Task goal:
What is needed is a word-for-word transcript of the listing, free of pictures.

Recorded information:
==*==

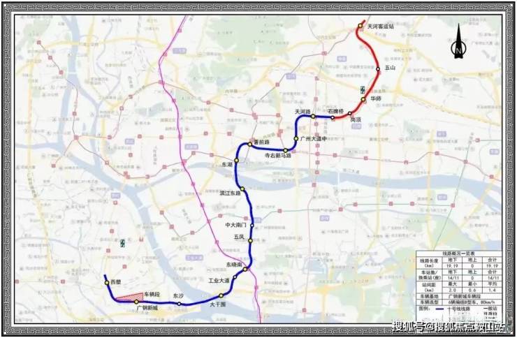 线路全长约44.2公里,全部采用地下敷设方式,全线共设车站32座,另外,代建一座车站(城轨琶洲站),其中换乘站20座,设置赤沙车辆段1座。车辆采用8节A型车编组,最高运行速度80公里/小时。
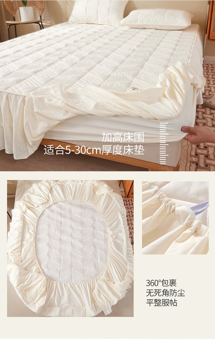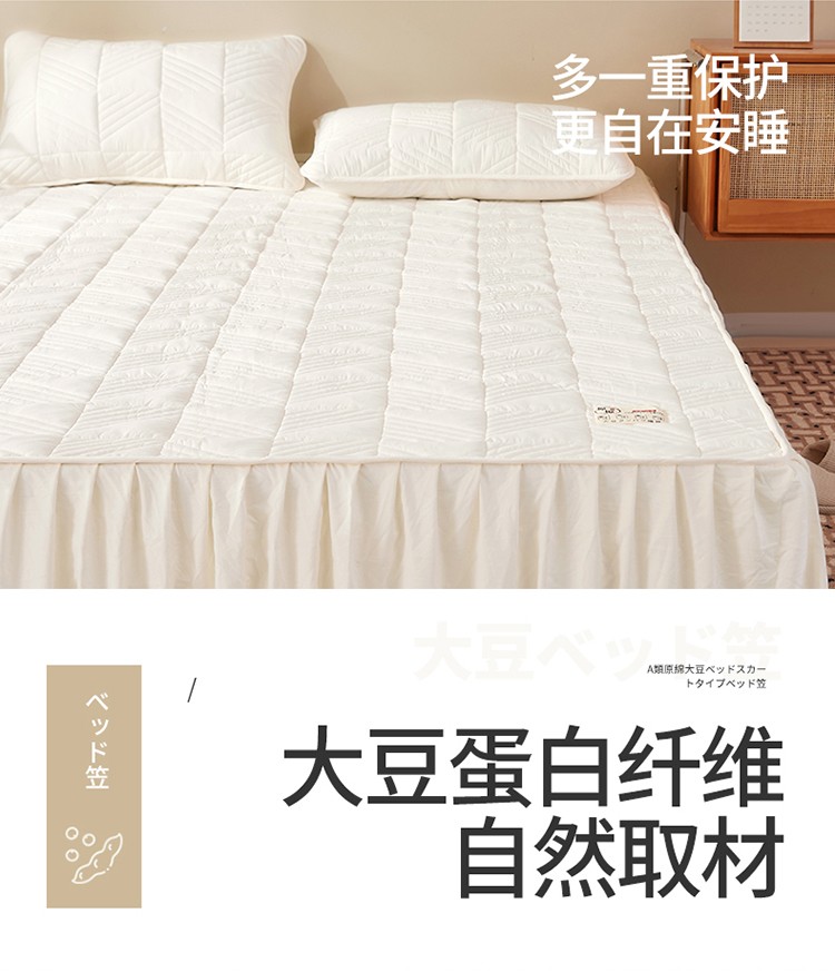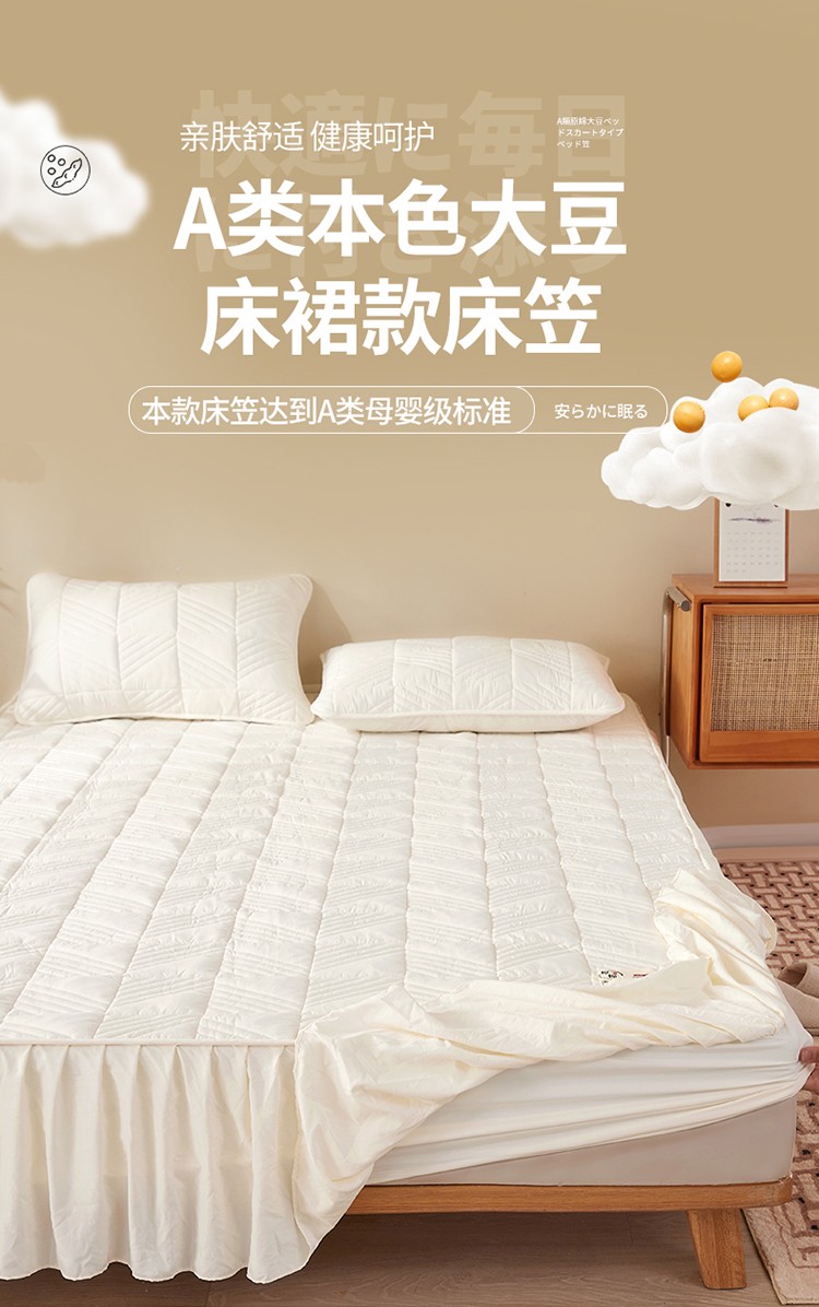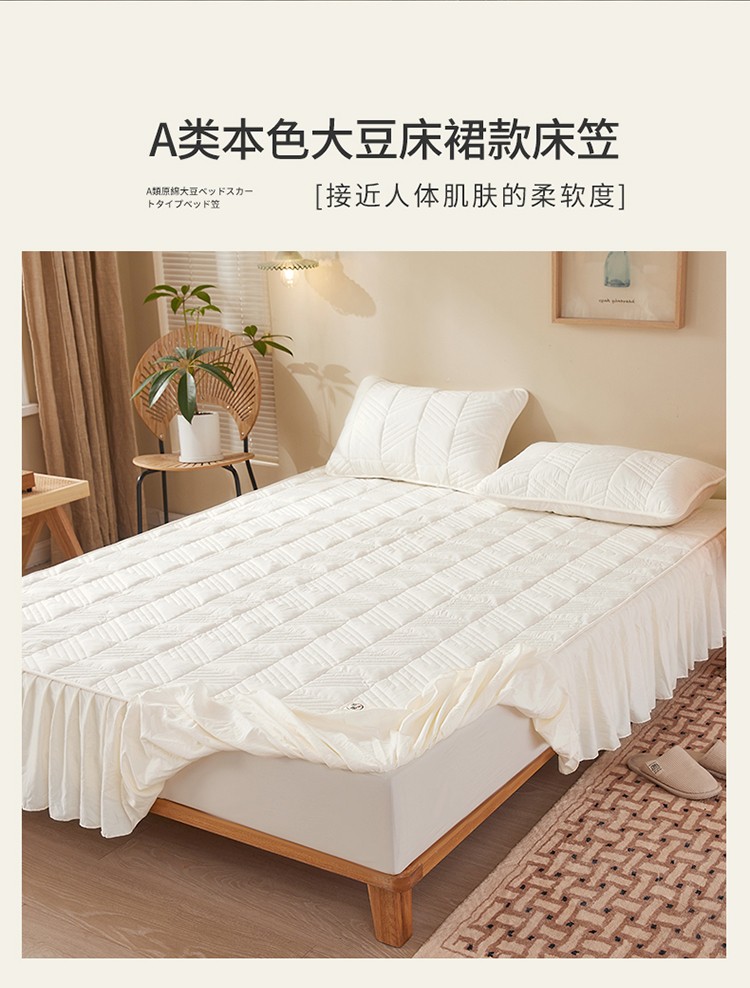 (总)居眠2022新款A类原棉大豆夹棉床裙款床笠本色大豆床笠
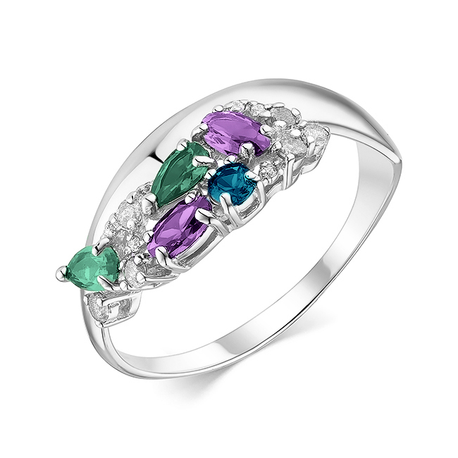 Серебряное кольцо с полудрагоценными камнями, артикул 181636 по цене 5080 руб. в наличии в салонах Город Золотой. Изделие имеет внешний вид "Классика/узор", белый цвет, весом 2,59 грамм.
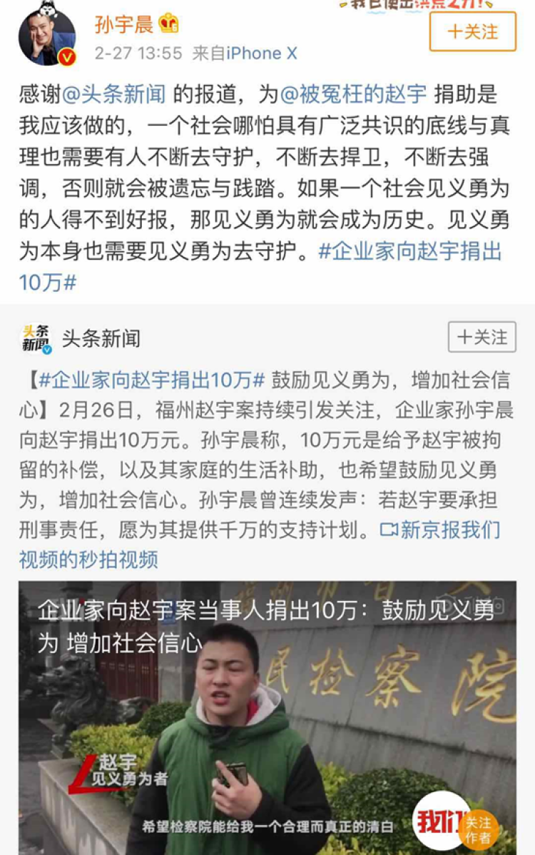 2月18日,孙宇晨再度发声,为赵宇案提供1000万支持计划,用于伸张正义。被不少网民评价为正义之士。

==*==

Response below:
 线路全长约44.2公里,全部采用地下敷设方式,全线共设车站32座,另外,代建一座车站(城轨琶洲站),其中换乘站20座,设置赤沙车辆段1座。车辆采用8节A型车编组,最高运行速度80公里/小时。
 (总)居眠2022新款A类原棉大豆夹棉床裙款床笠本色大豆床笠
 Серебряное кольцо с полудрагоценными камнями, артикул 181636 по цене 5080 руб. в наличии в салонах Город Золотой. Изделие имеет внешний вид "Классика/узор", белый цвет, весом 2,59 грамм.
 2月18日,孙宇晨再度发声,为赵宇案提供1000万支持计划,用于伸张正义。被不少网民评价为正义之士。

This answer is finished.